The following question has come up on chat@gnat.com, but it's really
a general Ada question and I'm throwing it out to comp.lang.ada.

It's probably been asked and answered before, but I can't find a
good explanation on DejaNews.

The question is, why doesn't this code raise an exception when run
under GNAT?

    pragma Normalize_Scalars;
    with Ada.Text_Io;
    procedure Test_Subrange_Checks is
        type T_Source  is new Integer range 7 .. 10;
        type T_Target is new Integer range 7 .. 10; -- identical ranges

        Source: T_Source; -- initialized out of range by Normalize_Scalars
        Target: T_Target := 10;
    begin
        Target := T_Target (Source);  -- no range check occurs!!!!!!!!!!
        Ada.Text_Io.Put_Line (T_Target'Image (Target));
    end Test_Subrange_Checks;


Per 13.9.1(9-11), evaluating the uninitialized variable quite properly
returns an invalid value.  However, in the assignment, this value
"is converted to the subtype of the target" per 5.2(11).  In type
conversion, "[a]fter conversion of the value to the target type, if
the target subtype is constrained, a check is performed that the value
satisfies this constraint" per 4.6(51).

11.6(5) provides permission to skip language-defined checks if this
would not "have some effect on the external interactions of the
program."  Since program output is an external file, this is an
external effect per 1.1.3(8-9).

If your reply is the following, please consider it already sent:

* Trust me, GNAT is right.

* Informally, it makes sense to omit this check, since the ranges
  of the types statically match.

I'm looking for an ARM reference that makes it legal to omit the
check named in 4.6(51) in this case.  I want to understand the
specific language rule, so I can tell when it will or won't apply.
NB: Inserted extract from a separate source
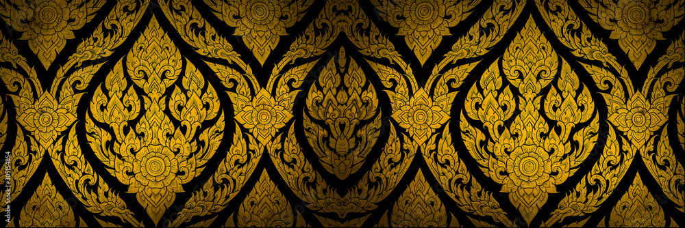 Samolepka Closeup Thai pattern carving lotus picture at door in temple
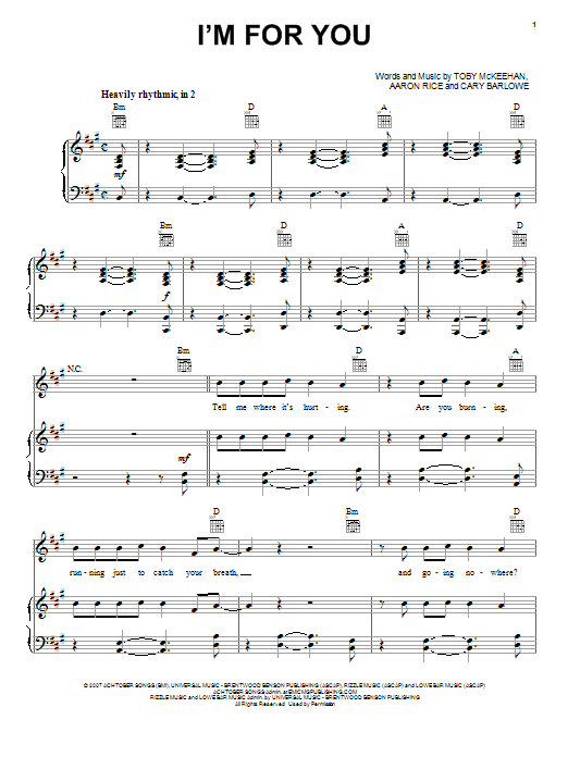 Download or print tobyMac I'm For You sheet music, chords and digital score arranged for Piano, Vocal & Guitar Chords (Right-Hand Melody). This Christian score includes 10 page(s).

I'd appreciate email, but will also check this group for replies.

Thanks very much for your time and attention.

Samuel Mize

-- 
Samuel Mize -- smize@imagin.net -- Team Ada
(personal net account)

Re: Why no constraint error?

[Samuel Mize]

In article <5gs20s$2g11@prime.imagin.net>,
Samuel Mize <smize@imagin.net> wrote:
>The question is, why doesn't this code raise an exception when run
>under GNAT?
>
>    pragma Normalize_Scalars;
>    with Ada.Text_Io;
>    procedure Test_Subrange_Checks is
>        type T_Source  is new Integer range 7 .. 10;
>        type T_Target is new Integer range 7 .. 10; -- identical ranges
>
>        Source: T_Source; -- initialized out of range by Normalize_Scalars
>        Target: T_Target := 10;
>    begin
>        Target := T_Target (Source);  -- no range check occurs!!!!!!!!!!
>        Ada.Text_Io.Put_Line (T_Target'Image (Target));
>    end Test_Subrange_Checks;


It turns out GNAT is right.  (No big surprise.)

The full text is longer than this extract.